Congratulations on your excellent work. I've been reading from the start and have enjoyed it all. Few bloggers manage to finish such an ambitious project. Again, congratulations and thanks.

Teebore said...

Congrats! I wholeheartedly agree with your conclusion: the 90s X-Men books had some good, some bad, and a lot of average.

I'm excited to see what you have in store for the Turtles, another childhood favorite of mine. I would love to see you return to the X-books at some point (either post-Alan Davis issues, or back in time to any point in their history), but your writing style and keen insight will keep me reading whatever you choose to write!

Shlomo said...

could we get a recap of your top issues?

G. Kendall said...

Shlomo,
I included links to some of the specific issues referenced during the Year in Review posts. I might do more later.
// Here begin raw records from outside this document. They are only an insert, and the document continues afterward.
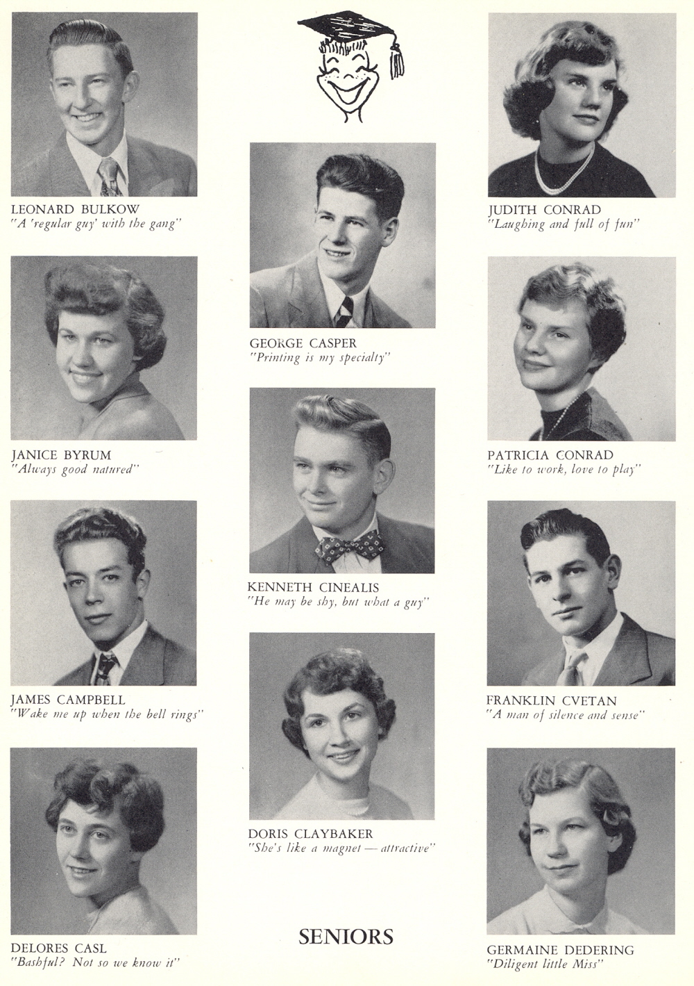 1953 Sheboygan Central High School, Page 14: Leonard Bulkow, Janice Byrum, James Campbell, Delores Casl, George Casper, Kenneth Cinealis, Doris Claybaker, Judith Conrad, Patricia Conrad, Franklin Cvetan, Germaine Dedering.
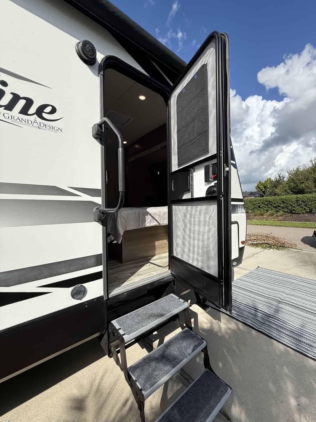 Well-maintained and has tons of upgrades and extras to make your camping experience a snap. New heavy duty Tires in 2025 (ST225/75/15 E rated) and will include a Blue Ox BXW1000 SwayPro weight distributing hitch, professionally installed solar panels, 2 Eco Worthy 100 AH Lithium Ion batteries, Tire Minder Tire Pressure/temperature Monitor System (TPMS) installed, AMTFO Backup Camera (that also shows you the rear view as you drive!), five matching aluminum wheels with custom built mount for spare tire, SoftStartRV Installed on AC, Sun Screen for awning, Slide Topper installed on slide, Remote thermostat kit installed to mount AC/heater control to bedroom by thermostat control, New heavy-duty springs and new wheel bearings installed in August 2024.
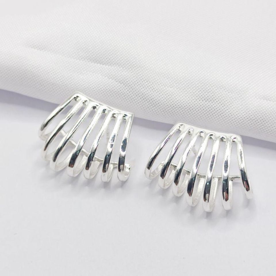 BRINCO PRATA MEIA ARGOLA QUADRADA TEXTURIZ...
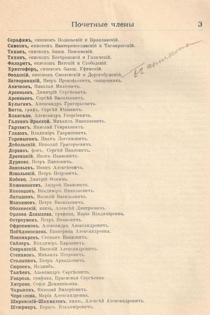 Третья страница списка почетных членов ИППО на 1 ноября 1910 г.
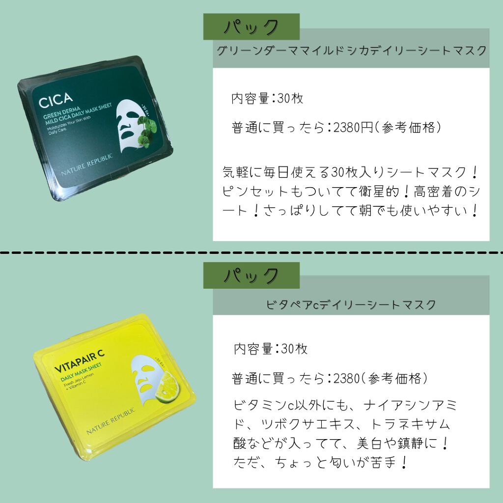 ネイチャーリパブリック グリーンダーマCICA デイリーシートマスク | 2,380円 |
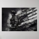 Honor the courage and sacrifice of America’s first responders with this powerful firefighter wall art poster. Featuring a detailed firefighter in turnout gear holding an axe, set against an American flag materializing and emanating from behind him in smokey, ink-like, cinematic artist effects. This black and white artwork makes a bold statement of pride, strength, and service.
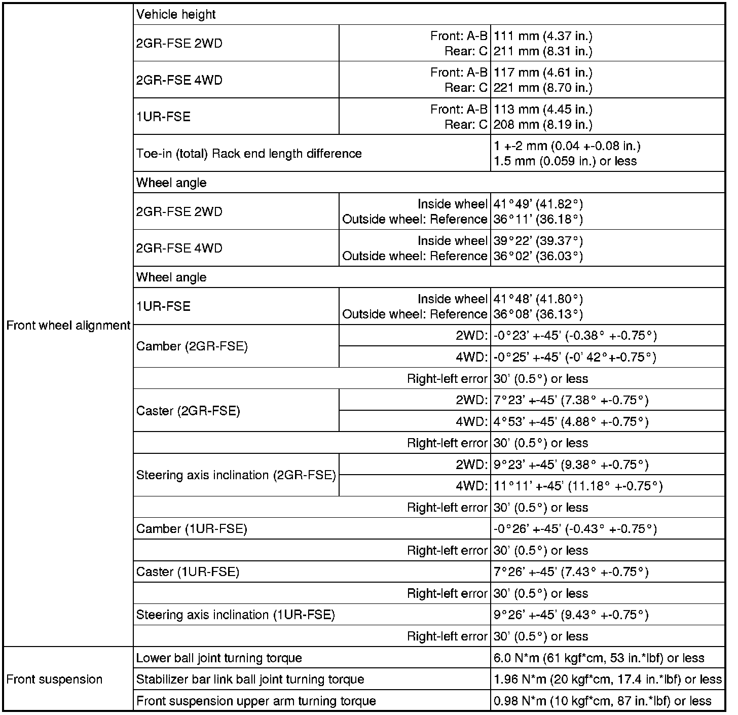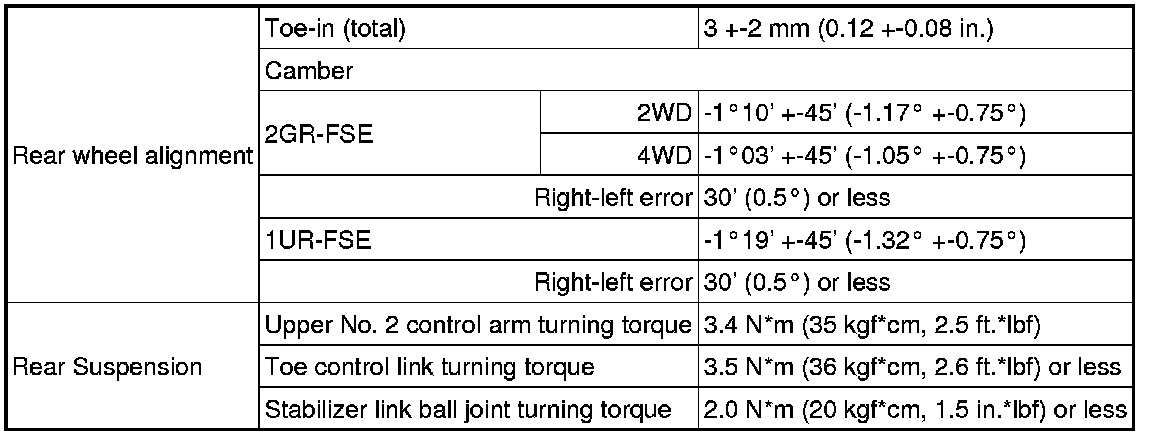 SERVICE SPECIFICATIONS: SUSPENSION: SERVICE DATA

Thanks for the kind words, everyone. Some day, I would like to review the Cable, X-Factor, etc. issues from the late '90s I didn't get to cover.
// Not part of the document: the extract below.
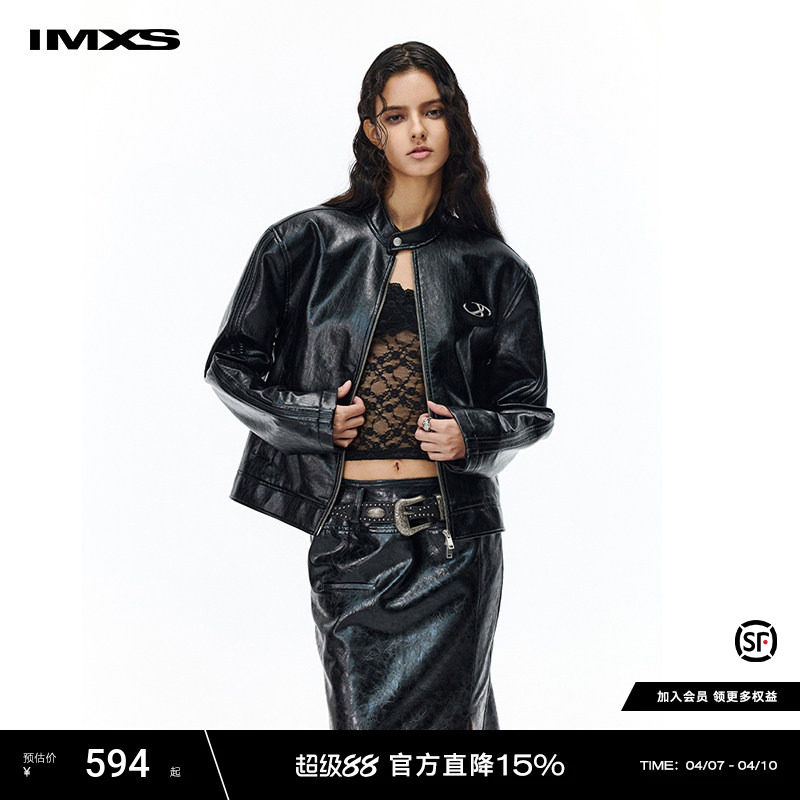 IMXS【明星同款】双开门 机车皮衣美式pu皮夹克垫肩外套
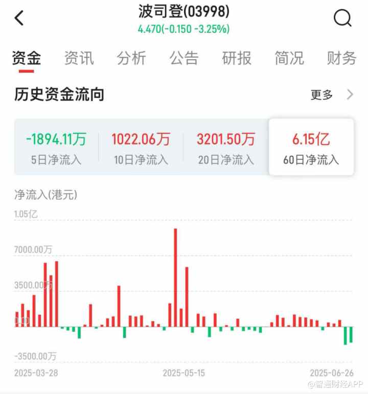 基于良好的经营表现,波司登宣派末期股息每股普通股22港仙。此外,波司登股票投资价值也受到投资者认可。近期,公司股价一度上涨至4.79港元年内高点,年内最大涨幅达到23.5%。智通财经APP数据显示,截至6月26日近60个交易日,波司登获得6.15亿港元资金净流入。

A.E. Paulino and Azrael Encarnacion said...

This was such a good read, I really do agree with you, the 90s x-books weren't that bad but that also means they weren't that good. I was twelve in 1994 when I started reading the X-Titles, especially X-Force.
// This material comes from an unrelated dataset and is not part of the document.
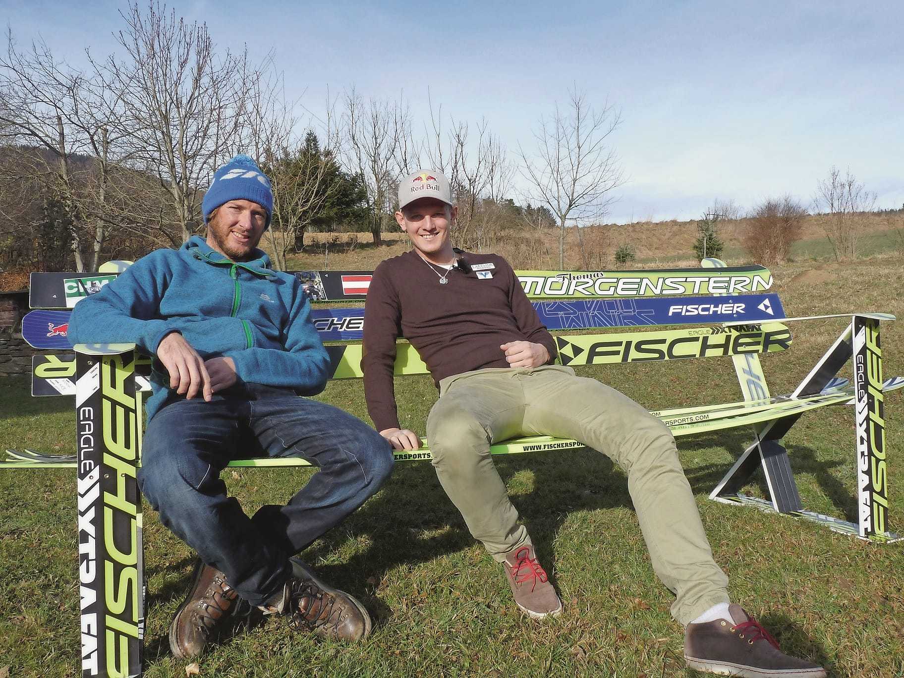 Skimöbel-Chef Jakob Lederer (li.) mit Skisprungstar Thomas Morgenstern, für den er eine Bank aus seinen Skiern gebaut hat.

It might be a disaster but I wish an X-Men film could be made that was more like that 90s era. Not necessarily based on any X-Event from that time but still capturing that feel and the costumes (haha)

PS
As much as I enjoyed reading about the 90s X-World I am doubly excited to read that you will be focusing your attention on another of MY childhood obsessions as well.

Anonymous said...

Just for the record, Extreme Justice wasn't an X-Men title.

Adam said...

I wanted to let you know that I just recently found your site and I'm kicking myself I didn't know about it sooner. I've started from the beginning and I've just gotten past the Phalanx Covenant. I'm grateful to you for refreshing my childhood memories and also exploring things I didn't see. I'm also excited to see your new direction and looking forward to talk TMNT Adventures, which was the book that got me into comics in the first place. Thank you again for your entertaining and enlightening work for these two years (even if I've only been reading for a month or so).

wwk5d said...

We know Extreme Justice wasn't an X-book, he was just using it as an example of how the early Image X-look ended up influencing other Marvel and DC titles, even after the X-titles themselves began to move away from all that.

Matthew J. Brady said...

I'm late commenting, but I wanted to say well done on this whole series. It's been very interesting and enjoyable, a good look at an era that I remember kind of nostalgically, if not especially fondly. You done good!